---- DATA RECORDS

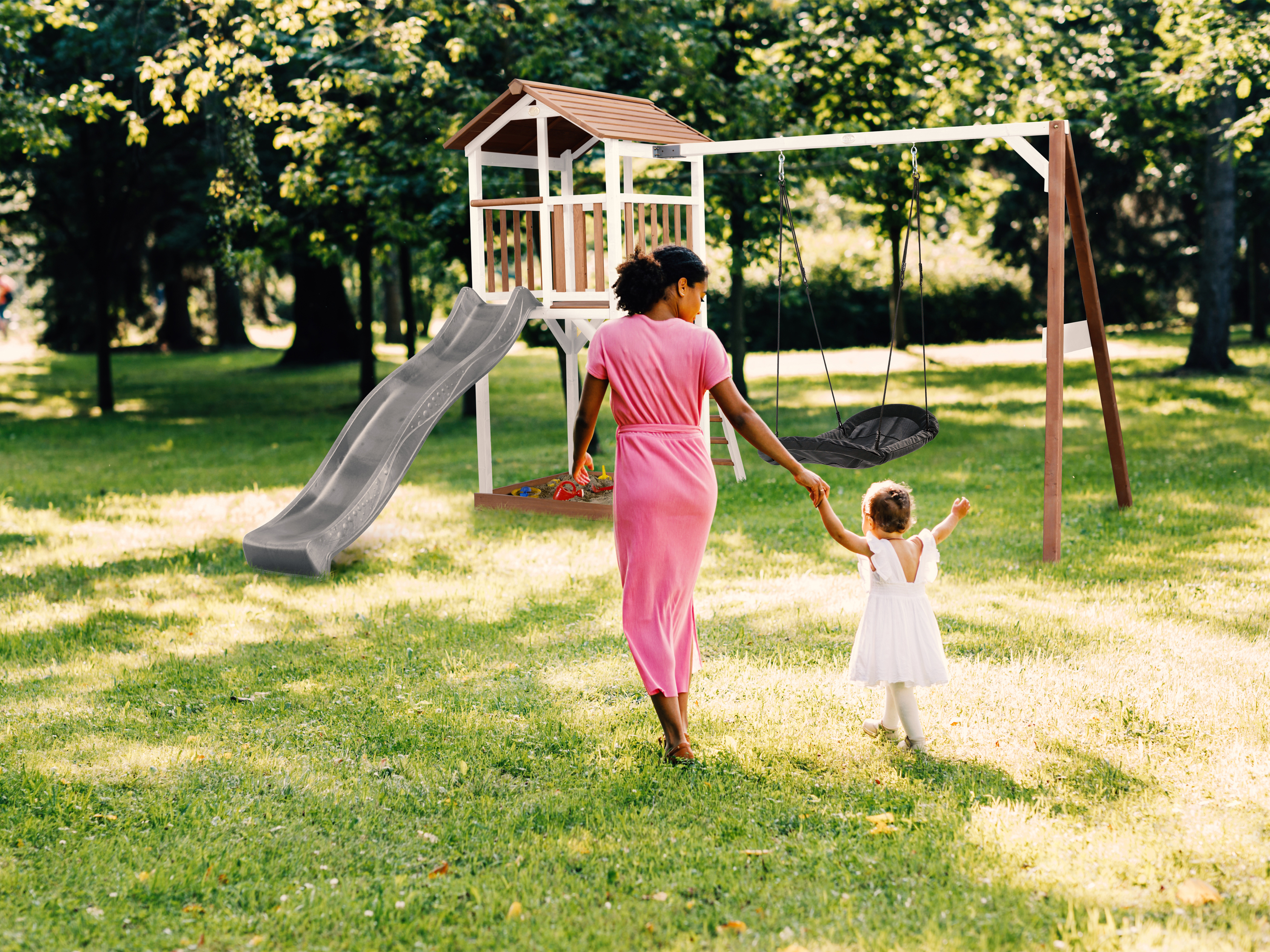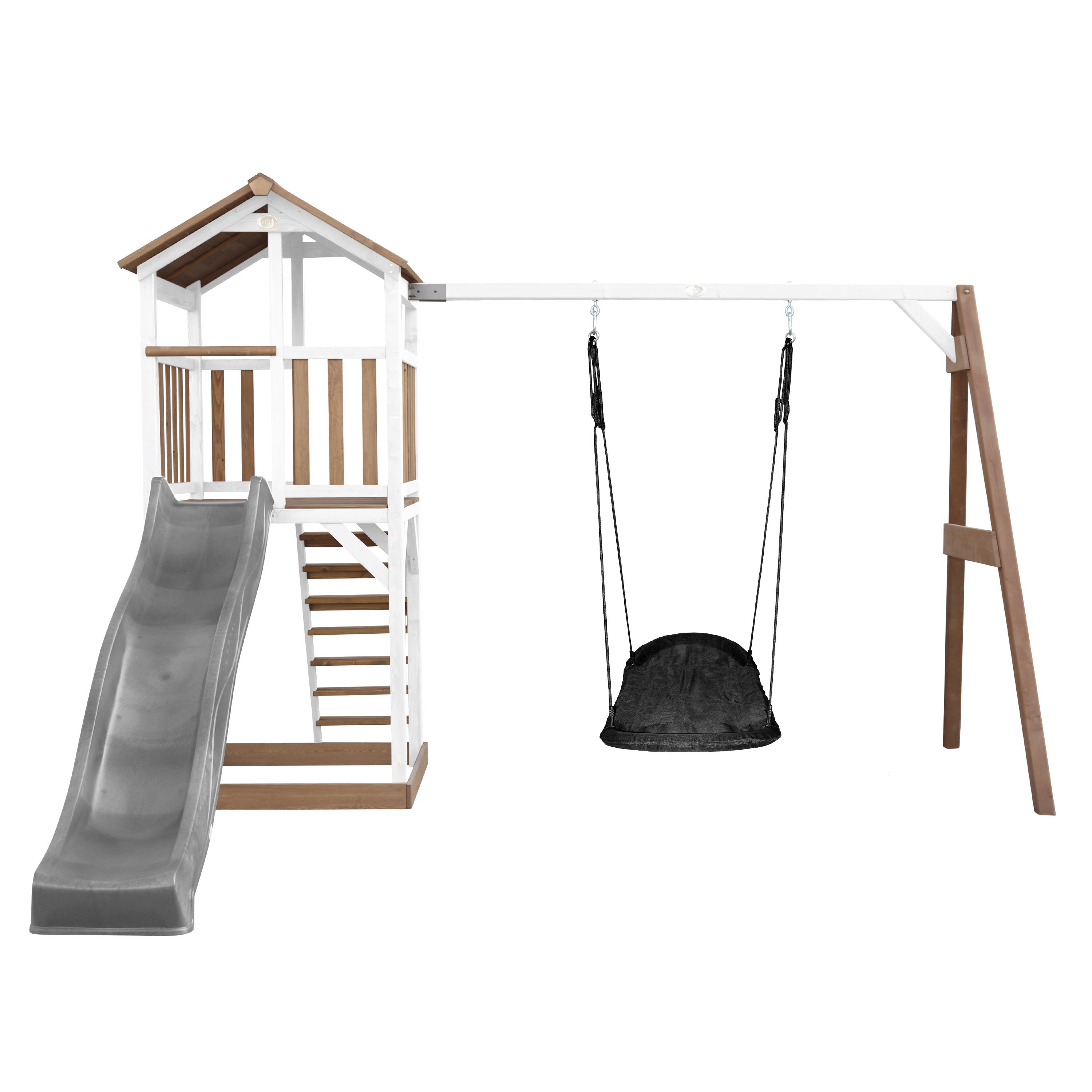 L’aire de jeux AXI Beach Tower, Marron et blanc avec la balançoire Roxy nid d’oiseau est comme si vos enfants étaient dans une vraie maison de plage. Grimper, glisser et se balancer sont les passe-temps favoris des jeunes enfants. Et tout cela est possible avec cette Beach Tower. Il est impossible que les enfants ne s'amusent pas pendant des heures avec celle-ci lors d'une belle journée ensoleillée.
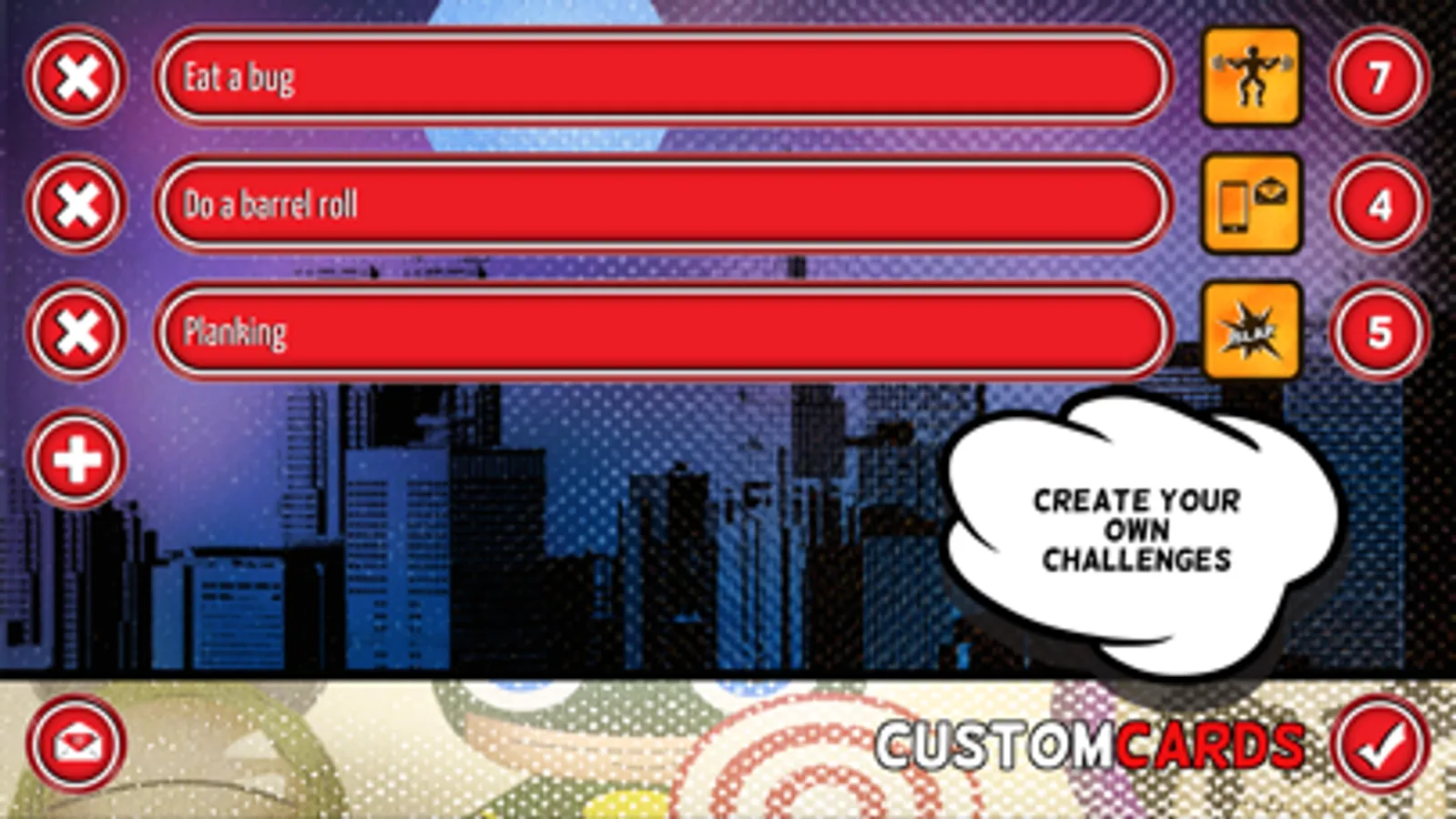 The game has around 50 challenges that include mild violence, mild optional nudity (so choose wisely who you play with), stupidity, public shame, destroying your reputation, "I wish I've never done that" and other fun activities. If you're feeling extra creative you can put up to 500 custom challenges in the game. So "kiss a dog", "do a barrel roll" and other specific challenges will have to be entered manually (don't worry it only takes 10 seconds).
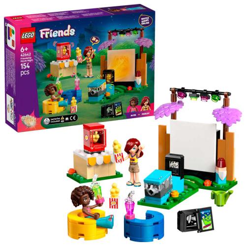 Desc. Técnica: O LEGO® Friends Noite de Filmes e Amizade recria uma sessão de cinema ao ar livre com as personagens Paisley e Aliya. Inclui um projetor com peça luminosa que projeta no ecrã, além de uma máquina de pipocas funcional com alavanca. Com acessórios como cadeiras, bebidas e banda desenhada, incentiva histórias criativas e brincadeira imaginativa. A app LEGO Builder ajuda a construir com instruções digitais em 3D.
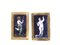 in rame smaltato e lumeggiato in oro entro piccole cornici modanate in bronzo dorato, raffiguranti due putti festanti,
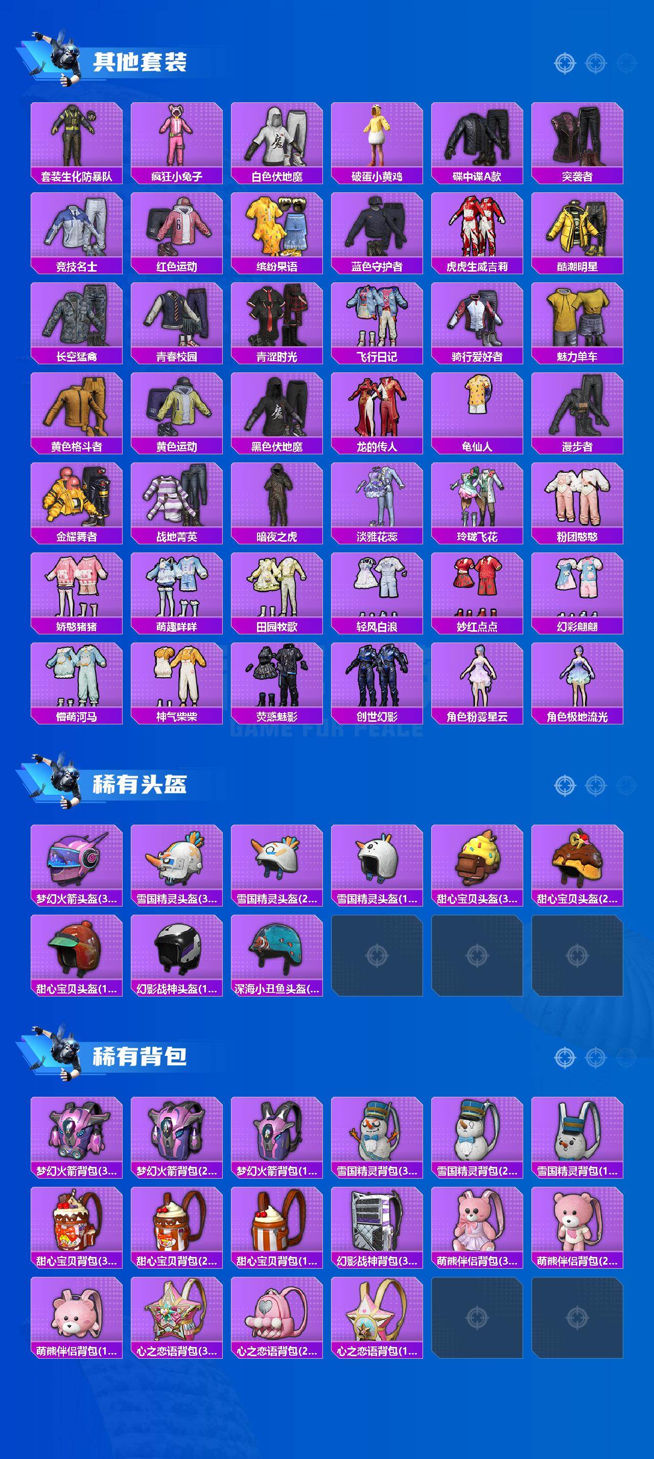 AKM-甜心宝贝,SCAR-L-童趣迷兔,M416-五爪金龙,GROZA-镜光银凌,AUG-星梦奇缘,AUG-暖羊咩咩,UMP45-量子极限,Kar98K-巳巳如意

--------

§ WHAT IS EXPECTED
Would you write out each record above exactly, with no images?

§ WORKED SOLUTION
 L’aire de jeux AXI Beach Tower, Marron et blanc avec la balançoire Roxy nid d’oiseau est comme si vos enfants étaient dans une vraie maison de plage. Grimper, glisser et se balancer sont les passe-temps favoris des jeunes enfants. Et tout cela est possible avec cette Beach Tower. Il est impossible que les enfants ne s'amusent pas pendant des heures avec celle-ci lors d'une belle journée ensoleillée.
 The game has around 50 challenges that include mild violence, mild optional nudity (so choose wisely who you play with), stupidity, public shame, destroying your reputation, "I wish I've never done that" and other fun activities. If you're feeling extra creative you can put up to 500 custom challenges in the game. So "kiss a dog", "do a barrel roll" and other specific challenges will have to be entered manually (don't worry it only takes 10 seconds).
 Desc. Técnica: O LEGO® Friends Noite de Filmes e Amizade recria uma sessão de cinema ao ar livre com as personagens Paisley e Aliya. Inclui um projetor com peça luminosa que projeta no ecrã, além de uma máquina de pipocas funcional com alavanca. Com acessórios como cadeiras, bebidas e banda desenhada, incentiva histórias criativas e brincadeira imaginativa. A app LEGO Builder ajuda a construir com instruções digitais em 3D.
 in rame smaltato e lumeggiato in oro entro piccole cornici modanate in bronzo dorato, raffiguranti due putti festanti,
 AKM-甜心宝贝,SCAR-L-童趣迷兔,M416-五爪金龙,GROZA-镜光银凌,AUG-星梦奇缘,AUG-暖羊咩咩,UMP45-量子极限,Kar98K-巳巳如意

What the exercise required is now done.